* _YOUR TASK_:
I need the lines from the one holding "시간내에 세탁하십시오.(케어라벨참고) |" to the last line of the data below repeated exactly, both included, without pictures.

[[ DATA FOR PROCESSING, beginning ]]

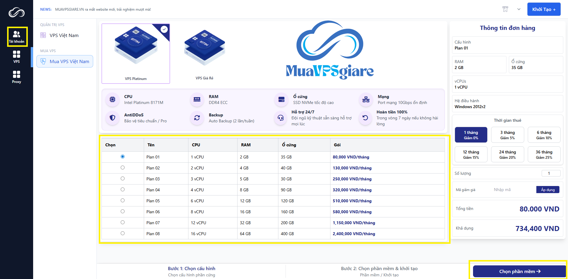 Trong menu bên trái, chọn VPS – Mua VPS -Chọn loại VPS phù hợp (ví dụ: VPS Giá Rẻ hoặc VPS Platinum) – Ở bảng cấu hình, tick vào gói VPS bạn muốn thuê (Plan 01, Plan 02, …) theo nhu cầu CPU, RAM và dung lượng ổ cứng – chọn xong cấu hình, nhấn nút “Chọn phần mềm” để tiếp tục bước cài đặt hệ điều hành
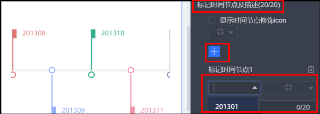 - 在样式设置里,点击图标样式下的标记时间节点及描述,可手动配置需要显示的时间节点。
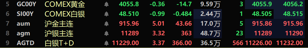 时隔近7年,美国政府再次关门,而当地时间周三,美国参议院第六次否决了两党相互较劲的政府拨款法案,市场对美国政府停摆以及日本和法国的政治动荡等的担忧,引发市场转向贵金属避险;2025年以来,全球央行黄金净购买量连续多个季度保持高位。中国央行也在持续购买黄金,截至2025年9月末,中国央行已经连续十一个月增持了黄金,这提升了市场对贵金属的信心;此外,市场对美联储降息的预期不断升温也提振了贵金属的市场表现,带动COMEX黄金和COMEX白银于10月8日分别刷新了历史新高至4081美元/盎司、49.195美元/盎司!受海外贵金属大涨双节假期大涨的提振,国内的贵金属期货10月9日早盘便跳空高开,截至10月9日14:02分左右,COMEX黄金跌0.36%;沪金主连涨5.01%,盘中刷新历史新高至918.88元/克;COMEX白银跌0.99%,;沪银主连涨3.32%,盘中刷新历史新高至11309元/千克;白银T+D涨3.37%,盘中刷新上市以来的历史新高至11345元/千克。
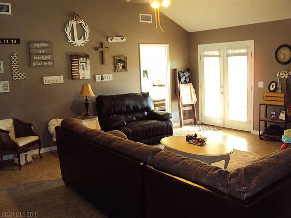 Extremely well maintained 3 b/r, 2 bath home conveniently located near Baldwin County High School. Metal roof (2013) and vinyl exterior offers low maintenance. Privacy fenced back yard. Wood burning F/P in living room with vaulted ceiling. Tile throughout except carpeting in bedrooms 2 and 3. Storage shed convey. Kohler generator. Attached two car garage. HVAC system (15 SEER) installed in 2011. Enjoy the covered back patio and wooden deck that over looks the large fenced back yard. This home is easy to show and move in ready!
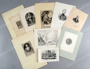 FAMILLE ROYALE DE FRANCE. Ensemble de neuf gravures et lithographies anciennes, représentant des portraits et des scnes historiques: L'entrevue du roi Louis XI et de son frere, Le roi Louis XV et Damien, Charles-Philippe de France, Le Comte...
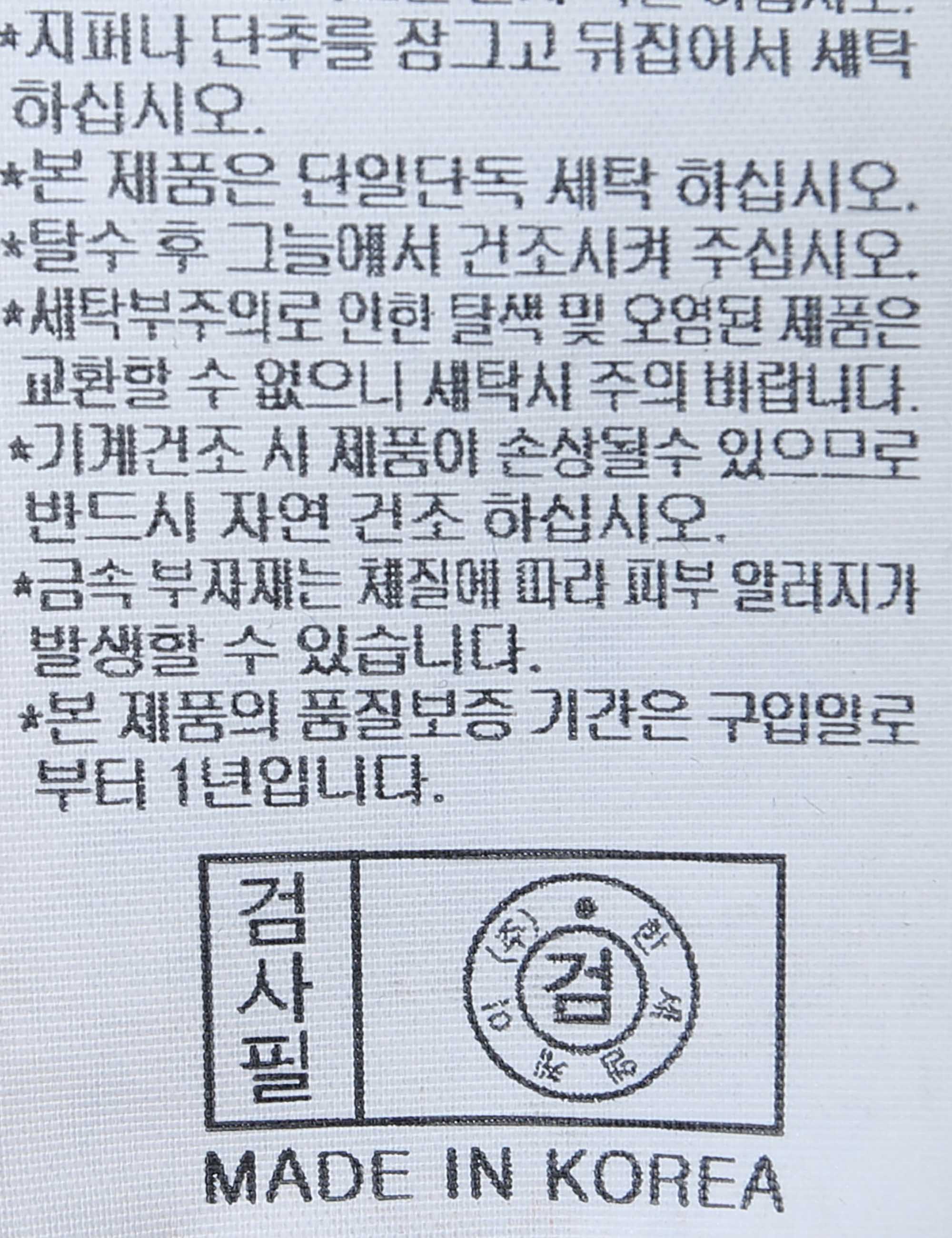 | 세탁방법 및 취급시 주의사항 | 중성세제로 단 시간내에 세탁하십시오.(케어라벨참고) |
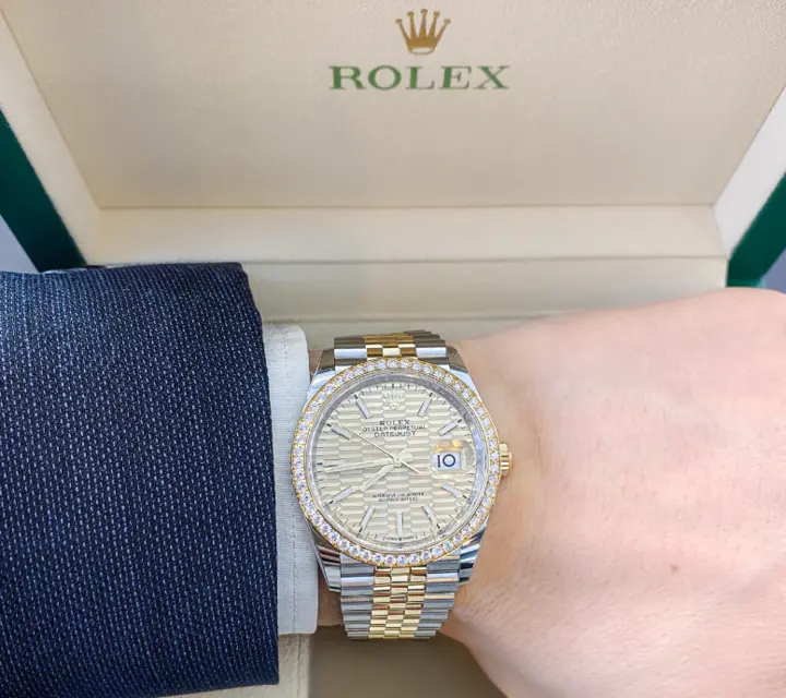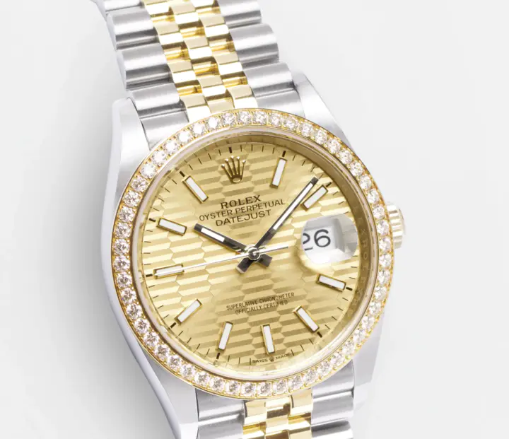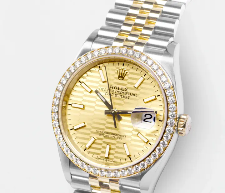 This dial features diamonds in 18 ct gold settings. The fluted motif is a graphic interpretation of an iconic Rolex design element: the bezel fluting found exclusively on some of the brand's Classic watches. Made from age-old materials, combined with cutting-edge technology, the fluted-motif dial brings depth and sophistication to the timeless Datejust.
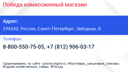 Победа, комиссионный магазин по адресу 196142, Россия, Санкт-Петербург, Звёздная, 8 в дальнейшем Организация, размещена в следующих категориях:
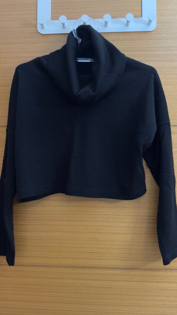 Yüksek yakalı ve uzun kollu siyah kadın kazak, Rahat kesimi ve mini boyu ile günlük kullanıma uygundur.
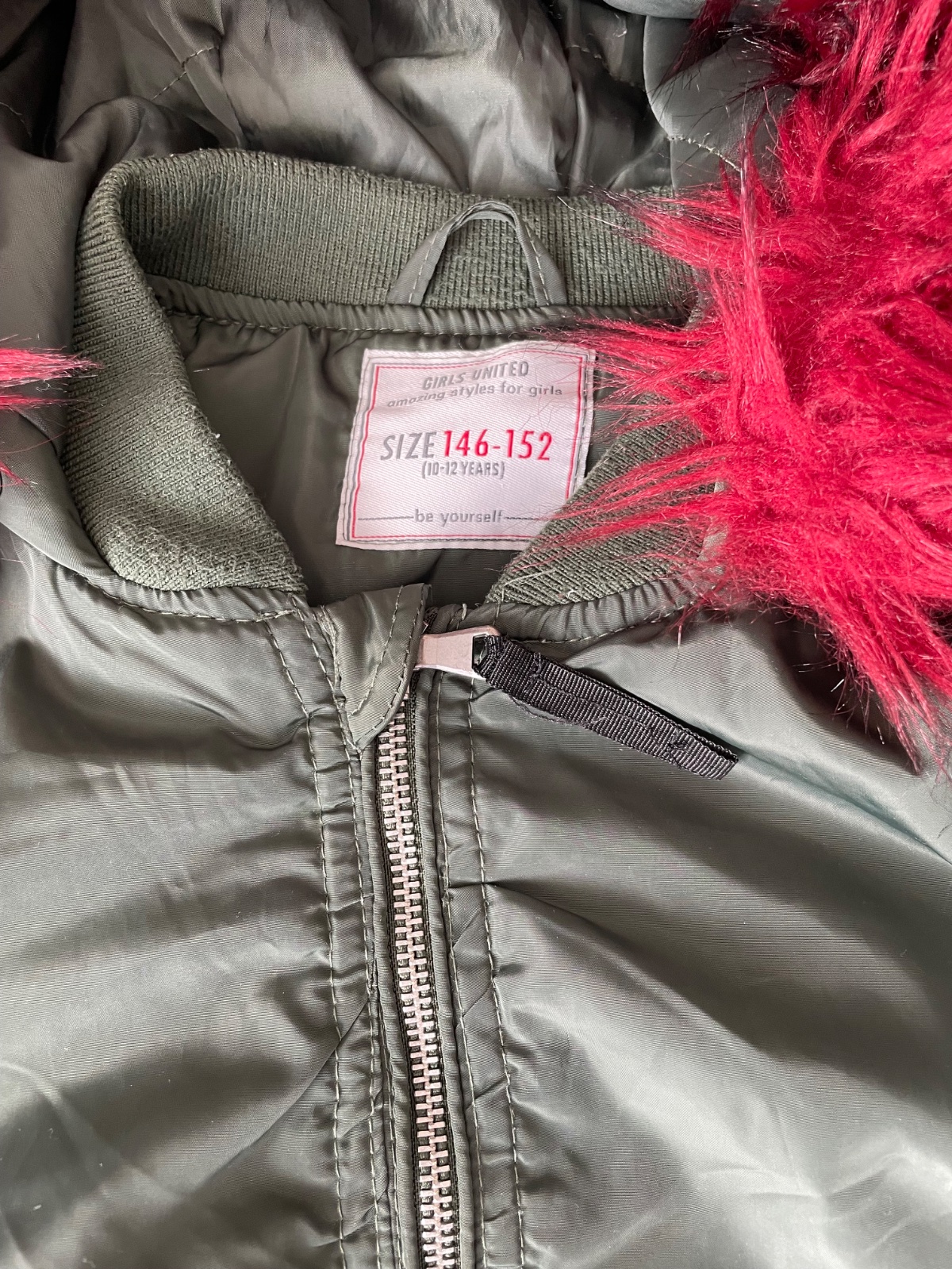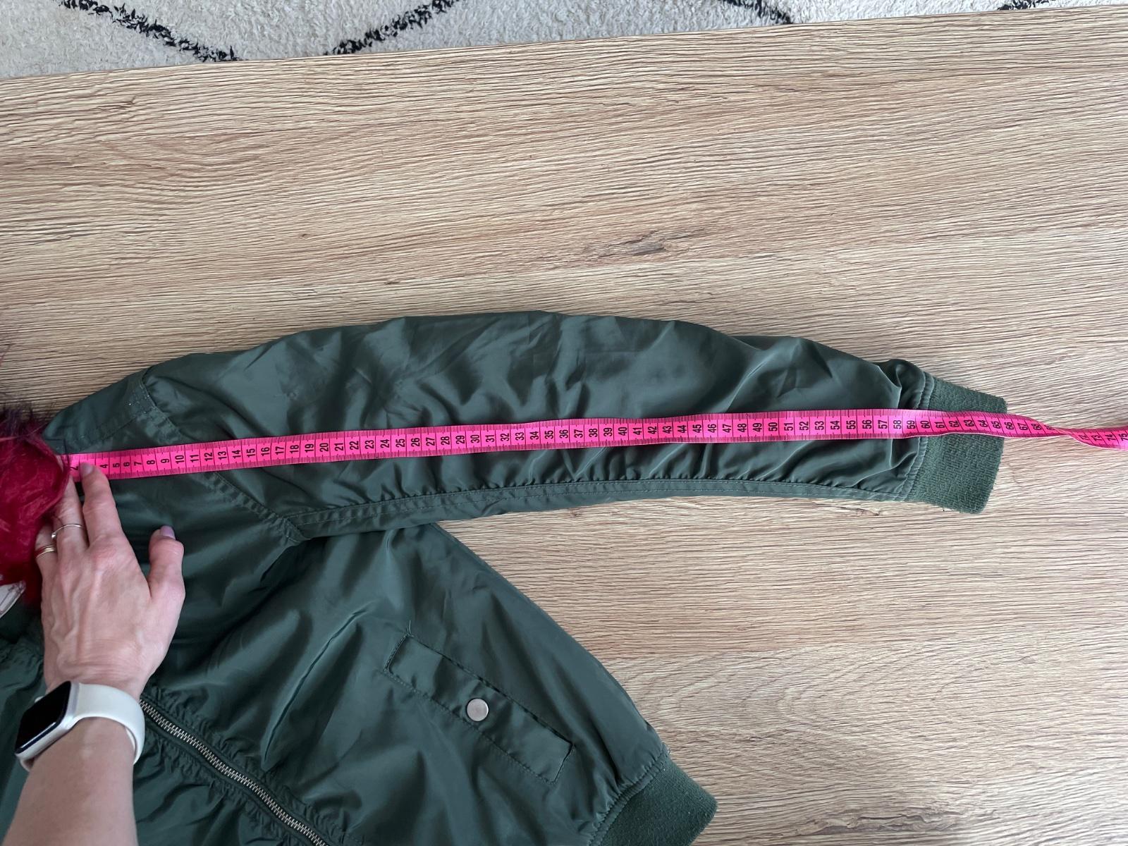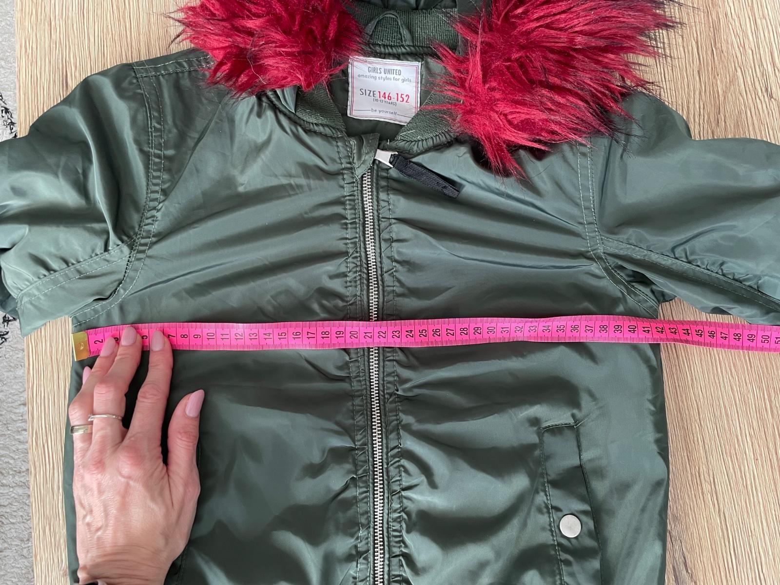 Štýlová bundička krátkeho strihu s peknou červeno-ružovou kožušinkou na kapucni. Dá sa odopnúť. Rozmery na foto. Reálna farba ako na 4.fotke. Malé žmolky na patentoch, váčšinu som už odžmolkovala.
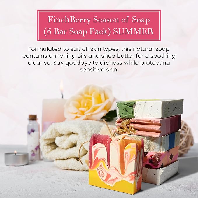 FinchBerry Season of Soap Gift Set - Handmade Seasonal Soaps - Cleanse & Moisturize with Olive, Shea Butter & Coconut Oil - Ideal for All Skin Types & SUMMER Gifting, Pack of 6 (4.5 oz Each)
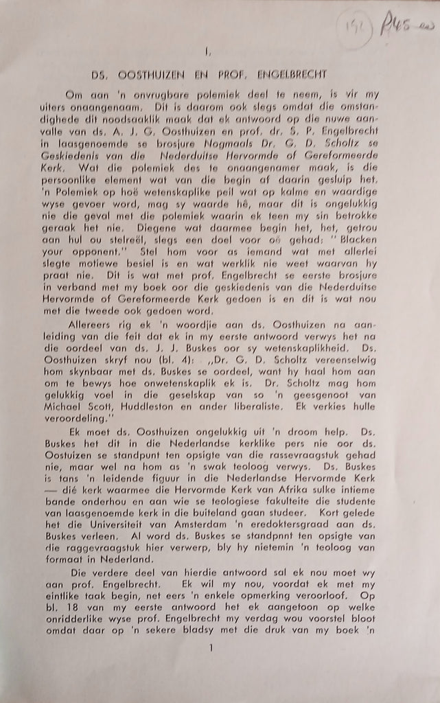 Title: My Verdere Antwoord aan Prof. Dr. S.P. Engelbrecht

[[ DATA FOR PROCESSING, end ]]

* _FINISHED TASK_:
 | 세탁방법 및 취급시 주의사항 | 중성세제로 단 시간내에 세탁하십시오.(케어라벨참고) |
 This dial features diamonds in 18 ct gold settings. The fluted motif is a graphic interpretation of an iconic Rolex design element: the bezel fluting found exclusively on some of the brand's Classic watches. Made from age-old materials, combined with cutting-edge technology, the fluted-motif dial brings depth and sophistication to the timeless Datejust.
 Победа, комиссионный магазин по адресу 196142, Россия, Санкт-Петербург, Звёздная, 8 в дальнейшем Организация, размещена в следующих категориях:
 Yüksek yakalı ve uzun kollu siyah kadın kazak, Rahat kesimi ve mini boyu ile günlük kullanıma uygundur.
 Štýlová bundička krátkeho strihu s peknou červeno-ružovou kožušinkou na kapucni. Dá sa odopnúť. Rozmery na foto. Reálna farba ako na 4.fotke. Malé žmolky na patentoch, váčšinu som už odžmolkovala.
 FinchBerry Season of Soap Gift Set - Handmade Seasonal Soaps - Cleanse & Moisturize with Olive, Shea Butter & Coconut Oil - Ideal for All Skin Types & SUMMER Gifting, Pack of 6 (4.5 oz Each)
 Title: My Verdere Antwoord aan Prof. Dr. S.P. Engelbrecht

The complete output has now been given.